Fermi LAT Gamma-ray pulsar search "FGRP2" - shorter tasks

Bernd Machenschalk
Bernd Machenschalk
Moderator
Administrator
Joined: 15 Oct 04
Posts: 3,938
Credit: 199,766,723
RAC: 47,546
Topic 197181

We found that due to problems with our validator we need to re-run ~200k old, shorter FGRP2 tasks. We are currently manually mixing these between the new, longer ones. These are all from data files below LATeah0030 and the WU names end in "_RERUN".

BM

BM

Gary Roberts
Gary Roberts
Moderator
Joined: 9 Feb 05
Posts: 5,205
Credit: 43,113,378,263
RAC: 45,140,514

Fermi LAT Gamma-ray pulsar search "FGRP2" - shorter tasks

Quote:
... These are all from data files below LATeah0030 ...


Hi Bernd,

I notice we have now gone above the LATeah0030 you mentioned, so I guess there must be more needed than you originally thought. Can you please give an indication of the new upper limit for these "_RERUN" jobs?

As you may recall, we had a discussion about the file sizes of all the skygrids - particularly the very large ones at the time that LATeah0023 and LATeah0024 data was being crunched initially. Recently, there have been a lot of "_RERUN" tasks for these. Those started tapering off a little some days ago and I'm now seeing reruns for the range 0026 to 0029 as well. I thought that rerun tasks might be just about finished. However, this morning, I'm seeing reruns for 0031 and 0032 so I'm interested to find out how many more of these there are and where the new upper limit for LATeah00xx might be?

I should hasten to add that I'm in no way concerned by any of this. I'm also not in need of any "sticky" files mechanism as was mentioned in the previous discussion. These days, I'm using a rather involved shell script that ensures that all participating hosts always have a full complement of the files they are likely to need. This script automates the saving and deploying of all such files using rsync. It also allows for files to be deleted from the cache once I think they are finished with. It's just that I didn't know that files above 0030 were going to be 'needed' again :-). I'd kept them all from when those were first issued but hadn't been redeploying them. I've hastily added them back into the mix now :-).

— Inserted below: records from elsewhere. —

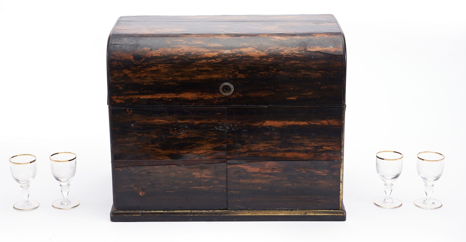The dome hinged top with two hinged front doors enclosing a fitted satinwood interior with twenty liqueur glasses (not original)
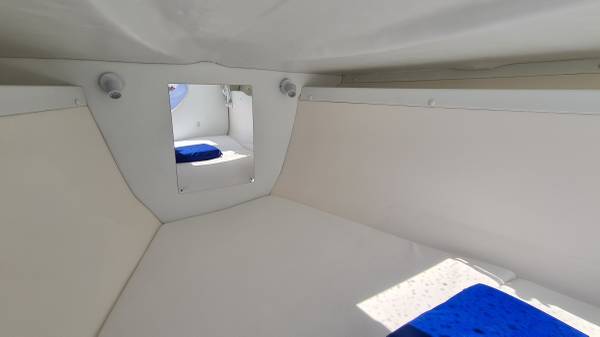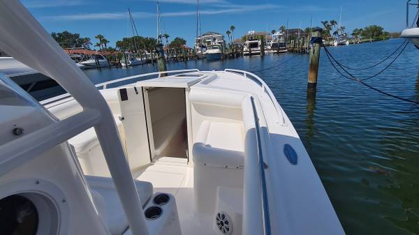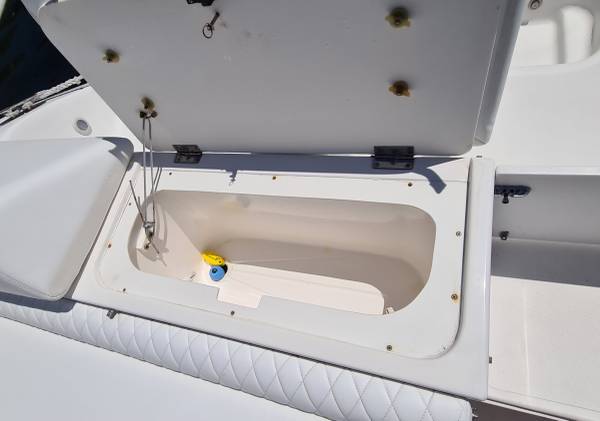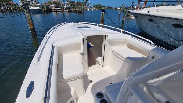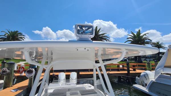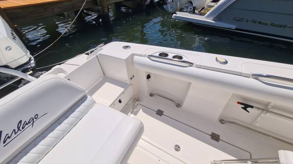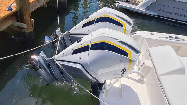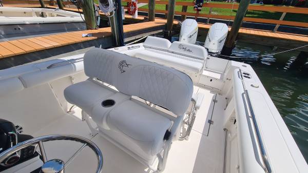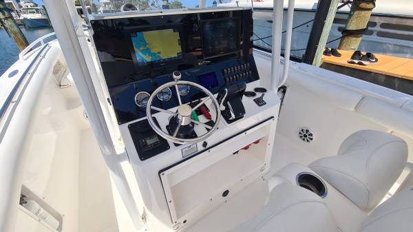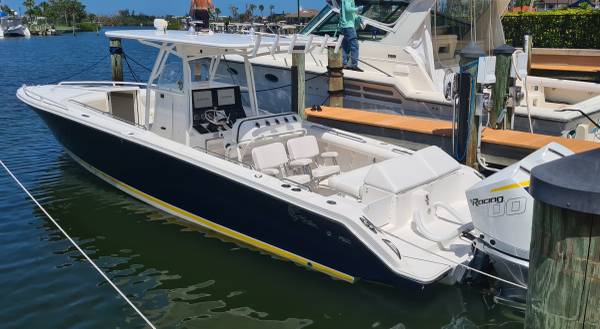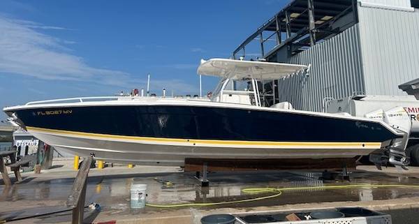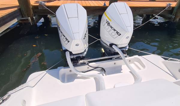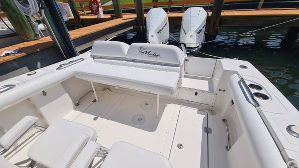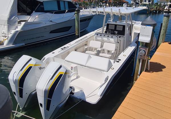 This 35' center console is stored indoors and has all new cockpit electronics and switches, steering, freshwater and saltwater pumps, and cuddy interior, including electric head. She is powered by twin 2023 Mercury Racing 300HP motors with only 158 hours use and 4-bade laser balanced stainless steel props - she flies at 65 mph with minimal load!! Hor motors have a 5-year extended warranty. Her cockpit boasts two huge Garmin displays, new gauges and switches, Merc Vessel View, Fusion stereo and new VHF radio. For fishing, there is a large baitwell, outriggers, plenty of rod holders, transom door and lots of storage. The cuddy cabin has an all new interior and a separate enclosed head, also new. All safety equipment is included. Does not have a trailer, but we can help you find one.
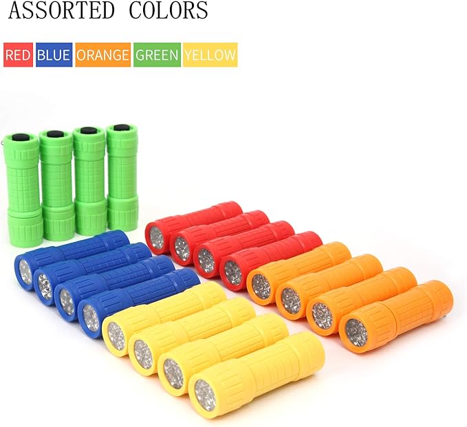 30-Pack Small Mini Flashlight Set, 5 Colors, 9-LED Handheld Flashlight with Lanyard,90-Pack AAA Battery Included for Kids/Night Reading/Party/Camping/Emergency/Hunting(30 Pack)
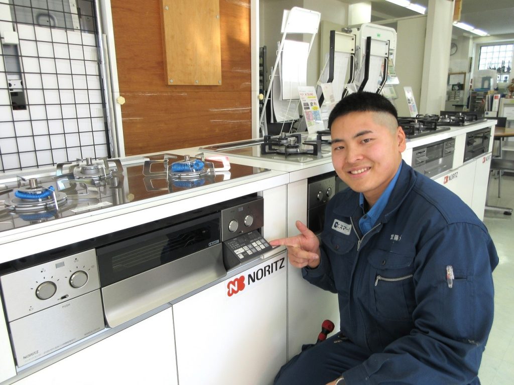 仕事内容は主にガスの閉開栓やガス機器の点検、ガス機器等の販売提案を行っております。開栓では、お客さまに対してガス機器の安全な使い方や注意事項をお伝えしております。ガス機器の提案では、お客さまに寄り添った提案を心掛けております。
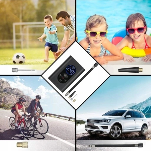 -ręczna sprężarka powietrza jest wyposażona w 4 adaptery dysz doskonale zaprojektowane do różnych przedmiotów do pompowania, takich jak opony rowerowe, opony samochodowe do użytku domowego, opony motocyklowe, elektryczne opony rowerowe, piłki, koła do pływania, nadmuchiwane zabawki i inne pontony .
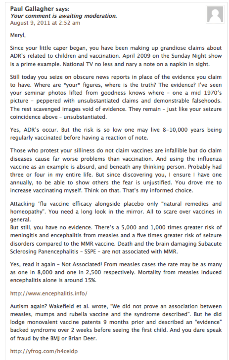 Update August 4th comment pt.1 Published August 10, 2011 at 926 × 1460 in Meryl Dorey: Free Speech champion who censors the truth Next »
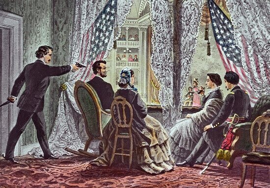 On April 14, 1865, while he was in the gallery at Ford’s Theater in Washington, D.C., John Wilkes Booth, an actor and Southern fanatic, shot him in the head with a bullet, immediately afterward shouting in Latin “Sic semper tyrannis!“, meaning ” So always with tyrants!” Lincoln was taken to a neighboring house in a comatose state, where he expired early on the morning of April 15.
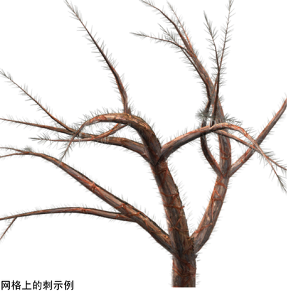 可以从使用“网格笔刷类型”(Mesh > Brush Type)时创建的三角形的曲面上生成大量刺。这些刺是使用与“细线”(ThinLine)“笔刷类型”(Brush Type)相关联的渲染方法绘制的,并快速地渲染。它们是单分段管,且不会显示在笔划的线框表示中。可以使用这些刺为植物添加刺和芒刺,或创建毛茸茸的或有绒毛的管。
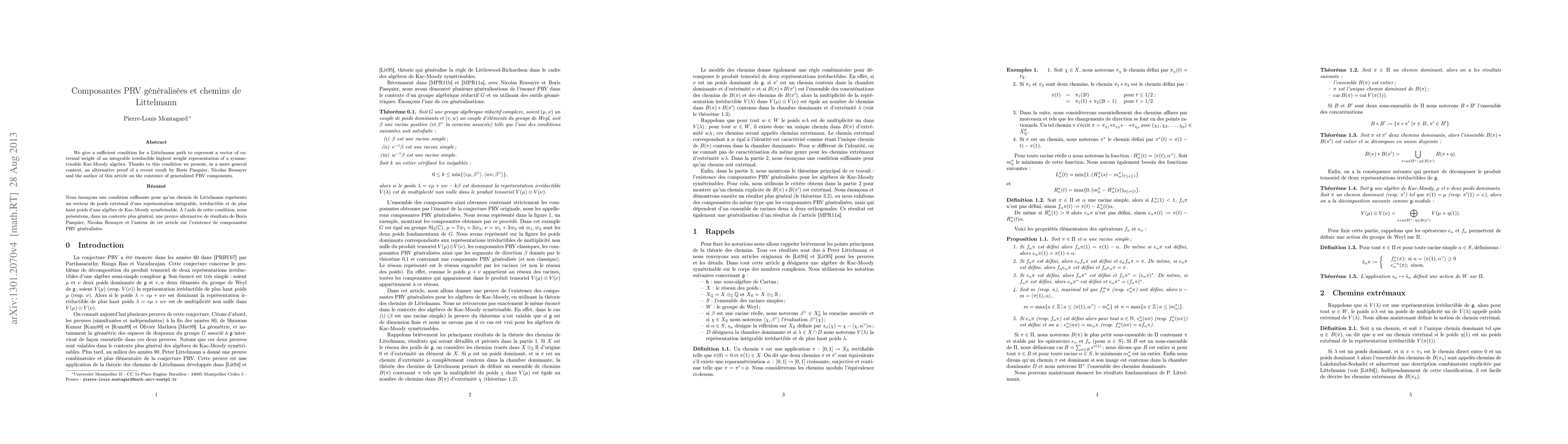 We give a sufficient condition for a Littelmann path to represent a vector of extremal weight of an integrable irreducible highest weight representation of a symmetrisable Kac-Moody algebra. Thanks to this condition we present, in a more general context, an alternative proof of recent result by Boris Pasquier, Nicolas Ressayre and the author of this article on the existence of generalized PRV components.
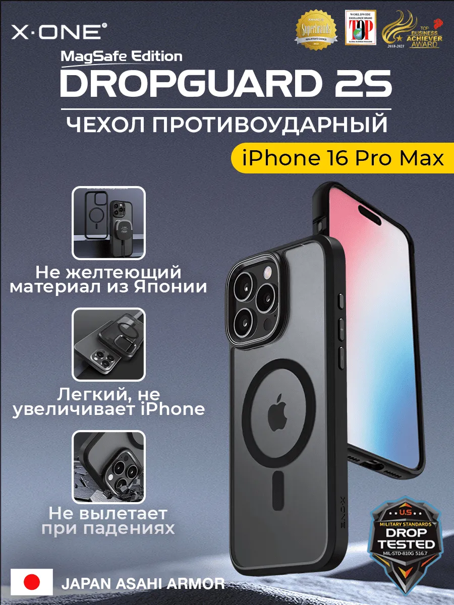 Чехол iPhone 16 Pro Max X-ONE DropGuard 2S MagSafe - прозрачная задняя панель и черный матовый бампер
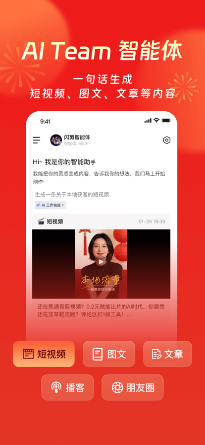 闪剪 AI 是新一代的 AI 创作工具,你只要像平时聊天一样,说出你的创意,哪怕就一句话,就能生成视频、图片、音乐、文章等自媒体内容,轻松打造你的个人影响力。 核心亮点 【特效模板】玩法多样,灵感不断,一键套用,年味十足。 【AI 生视频】上传图片 + 一句话,就能轻松做出广告大片。 【AI 生图】一句话做图,轻松搞定电商、营销、新媒体等素材。 【AI 音乐】无需乐理,讲出你的故事,AI 为你写歌谱曲。 【AI Team 智能体】 只需一句话,就能轻松搞定短视频、图文、文章等内容。每个人都能成为传播者,每个人都值得被看见。 ———————还有更多精彩玩法——————— 【定制数字人】 上传 30 秒视频或者一张图片,就能 1:1 复制你的形象和声音,定制专属的数字人来拍摄短视频。现在可以无限次定制数字人,性价比超高! 【直播快剪】 导入直播链接就能实时录制直播,还能自动把直播切成精彩片段,生成配有字幕、花字、音效和转场效果的短视频,一键发布到平台带货。 【声音克隆】 支持克隆 10 种以上外语和国内方言的声音,简单录下自己的声音,就能一键克隆,轻松制作“本地化”短视频。 自动续费订阅说明 订阅服务:自动续费月会员 付款:用户确认购买并付款后记入 iTunes 账户 续订:苹果 iTunes 账户会在到期前 24 小时内扣费,扣费成功后订阅周期顺延一个订阅周期 取消续订:如需取消续订,请在当前订阅周期到期前 24 小时以前,手动在 iTunes / Apple ID 设置管理中关闭自动续订功能 【隐私政策】https://static.shanjian.tv/shanjian/ios_privacy_policy.html 【用户协议】https://static.shanjian.tv/shanjian/ios_user_agreement.html
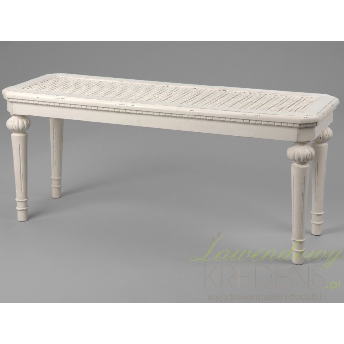 Wyjątkowa, miejscami delikatnie postarzana ława w stylu francuskim, wąska ale stosunkowo długa. Ustawiona została na czterech stabilnych nogach, na powierzchniach których widać pionowe wgłębienia. Najbardziej rzucającym sie w oczy elementem wykonania jest blat z dziurami, które imitują siatkę!
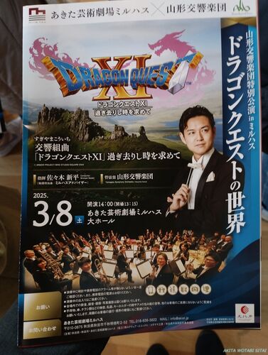 ランキング参加中地域 2025年3月8日(土)に開演された、山形交響楽団特別公演inミルハス「ドラゴンクエストの世界」を鑑賞して来ました。 ドラゴンクエストXIはプレイしたことは無かったのですが、秋田でドラゴンクエストの楽曲がオーケストラで演奏されるの…
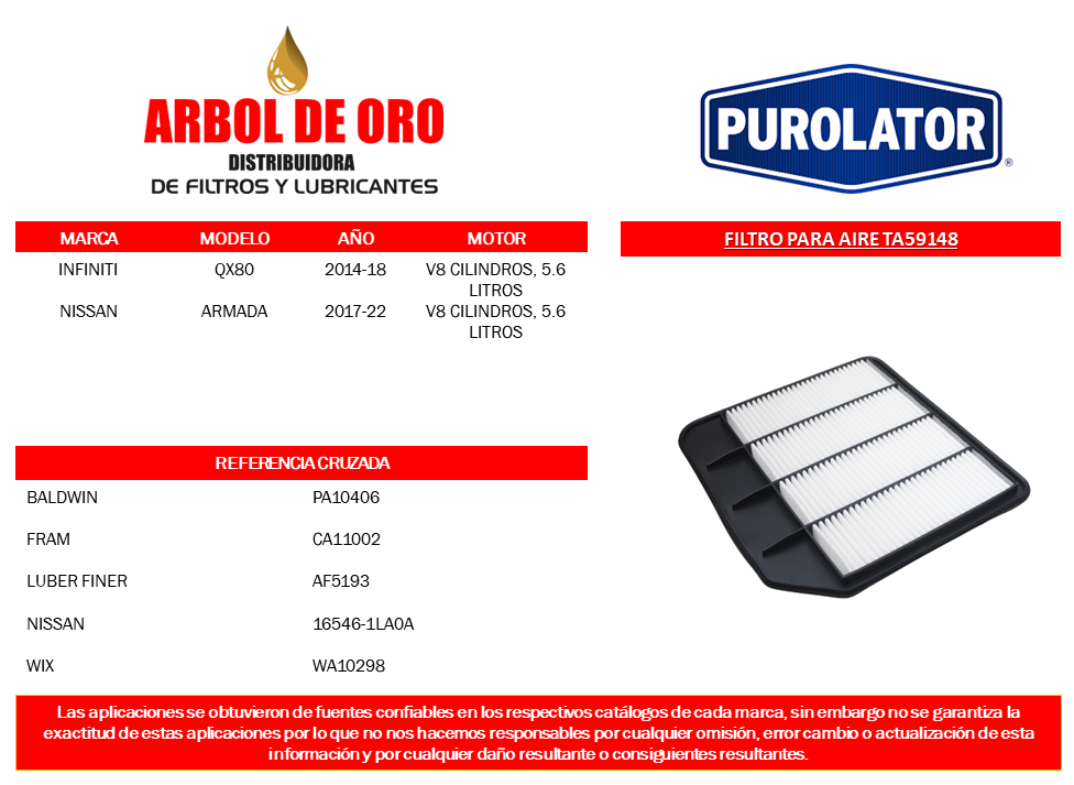 Filtro para aire de Infiniti QX80 V8 cilindros, 5.6 litros 2014-18, Nissan Armada V8 cilindros, 5.6 litros 2017-22.
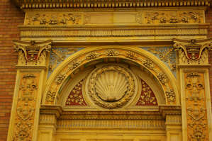 Теплыми золотистыми тонами были окрашены узоры на стенах
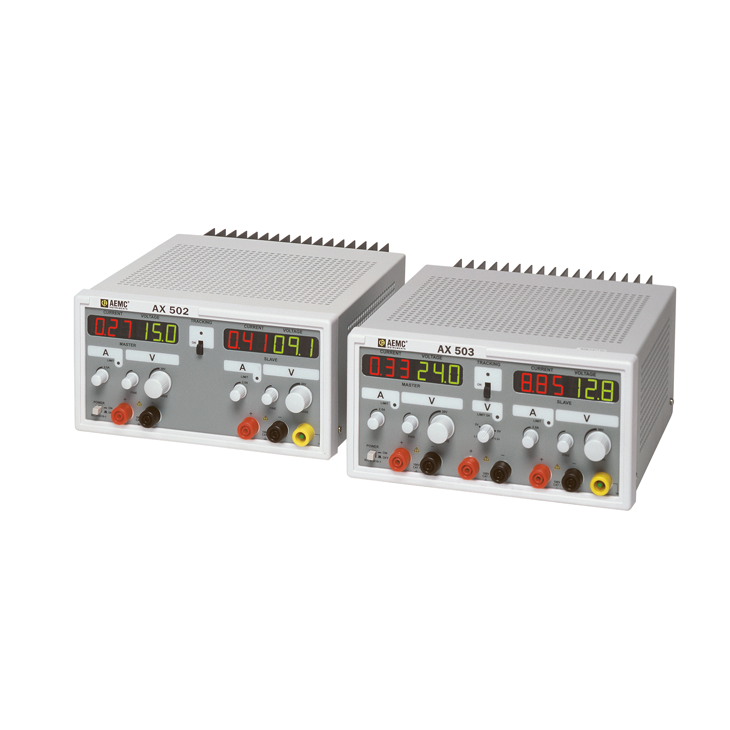 The AEMC AX503 DC Power Supply offers dual 30V outputs with the ability to display both voltage and current for each output. Additionally, the AEMC AX503 DC Power Supply offers a 5V blind output which is adjustable from 2.7 to 5.5V. Dual 30V outputs can be connected in series to provide double the output voltage up to 60V, or they can be connected in parallel providing double the current output up to 5A. The AEMC AX503 DC Power Supply offers a unique master/slave tracking arrangement whereby the ratio between master and slave can be setup on the fly as needed during the test. Adjusting the master voltage causes the slave to track. Adjusting the slave voltage causes the ratio from master to slave to change accordingly. It offers a Coarse and Fine voltage adjustment as well as current limiting adjustment. The Model AX503 is built to provide many years of reliable, precise, easy-to-use operation and will be a welcome addition to any lab, test bench or production line.
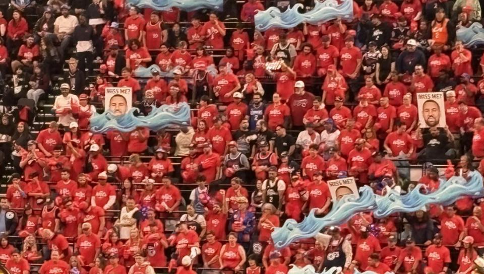 快船球迷試圖干擾勇士球員罰球,舉着克萊的頭像,上面寫着“想我了嗎?”
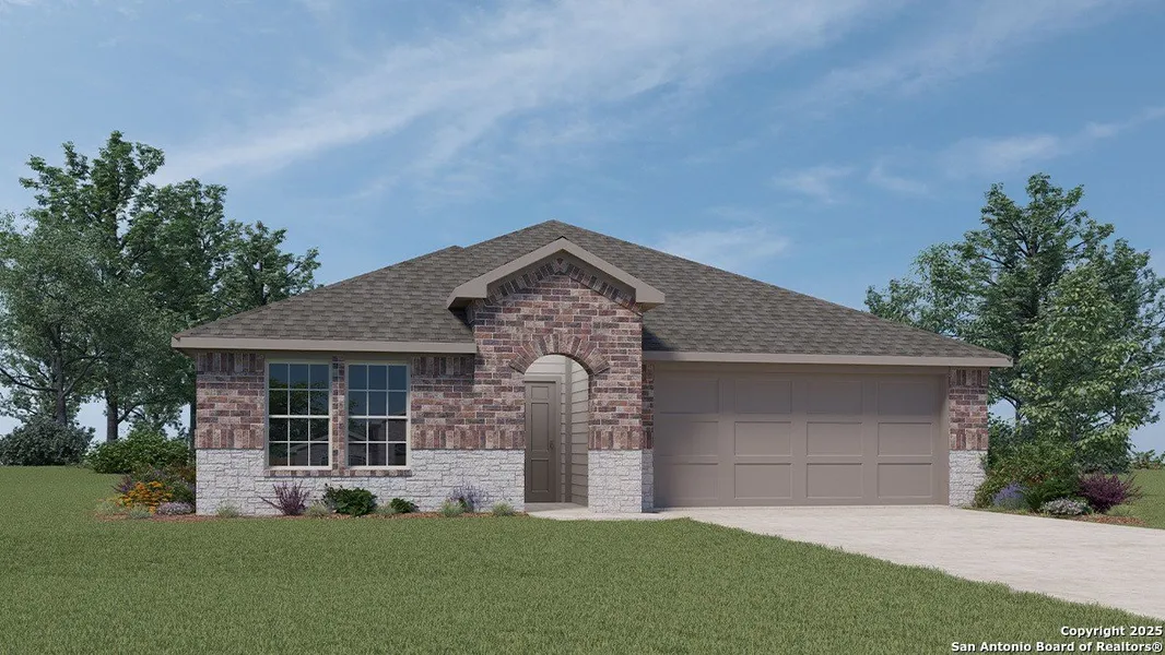 Introducing The Lakeway floorplan, a stunning single story home located in Brookstone Creek in San Antonio, TX. The Lakeway is sure to impress with its classic front exteriors, 2-car garage and 2034 square feet of living space spread across 4 bedrooms, 3 bathrooms and a study. As you enter the spacious foyer you'll see the open study, a guest bedroom, and second full bath at the front of the home. Passing through the foyer, you'll find yourself in the grand combination dining room, kitchen, & living room. The Lakeway kitchen offers quartz countertops, stainless steel appliances, a natural gas cooking range, shaker style cabinets, a corner walk-in pantry and a large kitchen island with a deep, single bowl sink that faces the wide open living room. Located privately off the dining room are the remaining secondary bedrooms and a third full bath. All secondary bedrooms are complete with qual...
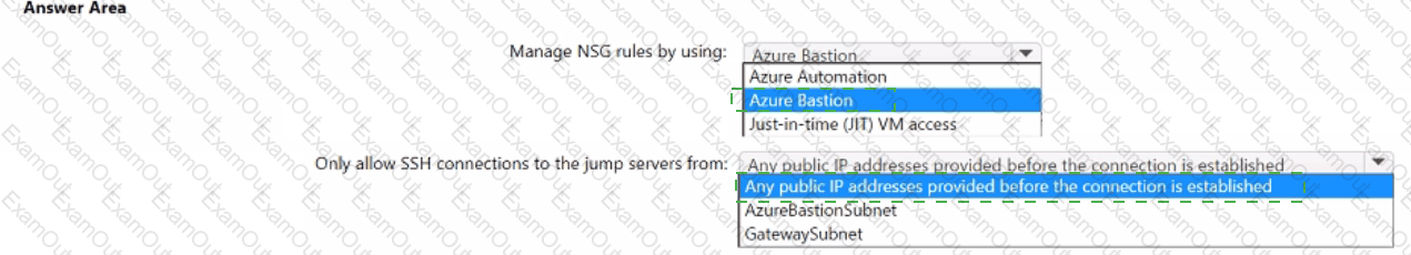 You plan to deploy a dynamically scaling, Linux-based Azure Virtual Machine Scale Set that will host jump servers. The jump servers will be used by support staff who connect from personal and kiosk devices via the internet. The subnet of the jump servers will be associated to a network security group (NSG).
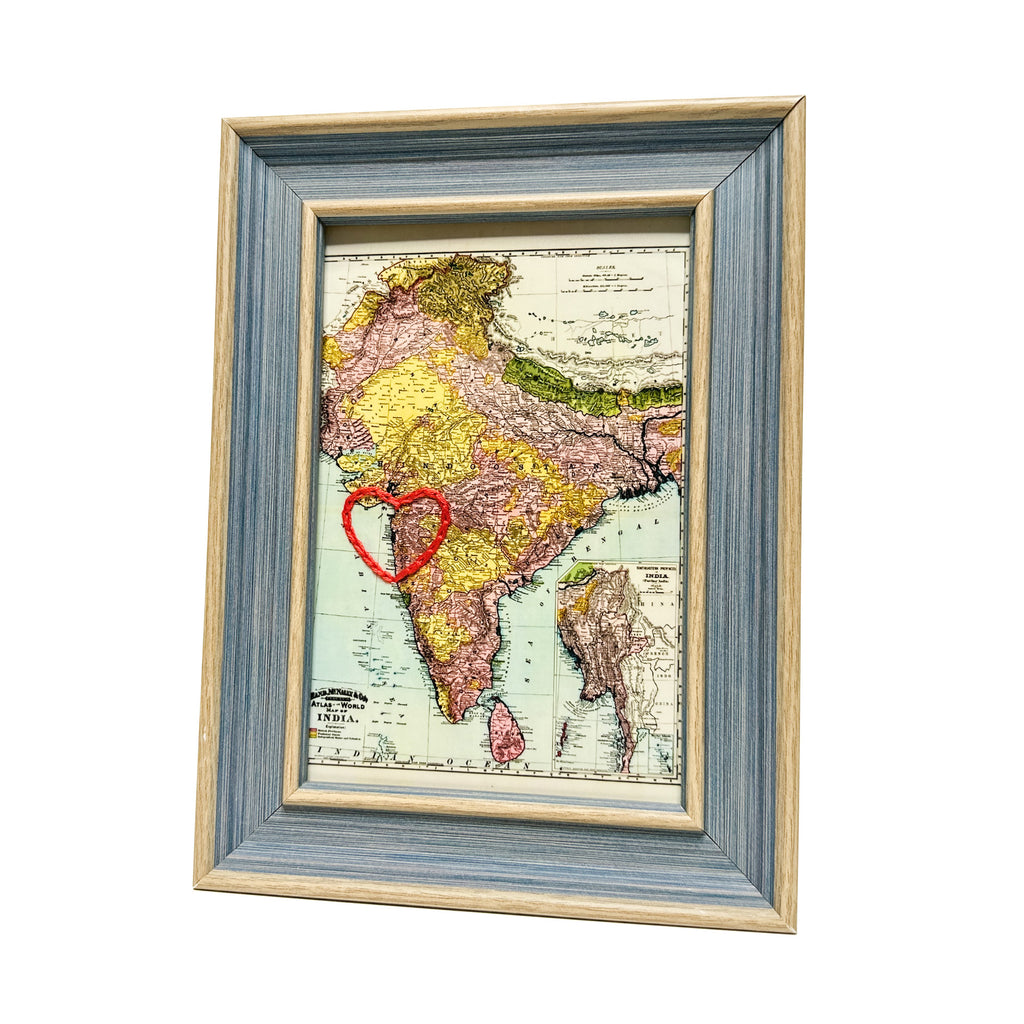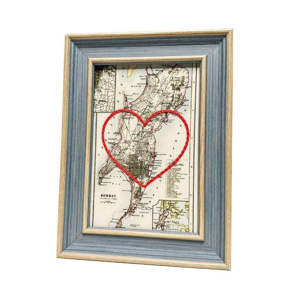 This vintage Mumbai, India map print has been hand-embroidered with a red heart that symbolizes the places, people, and adventures you hold dear.

I've added a few bells and whistles to this script which allow me to do a number of things from managing the cached files to recording useful stats (for me anyway) of exactly what is happening on each host that participates in the scheme. I find it very useful to have these hosts do all their downloading in my ISP's 'off-peak' period where I have a much larger allowance. Each morning I can review the log to see what new data files were downloaded, how many potential downloads were skipped because the files were already available, how many tasks each host requested, etc.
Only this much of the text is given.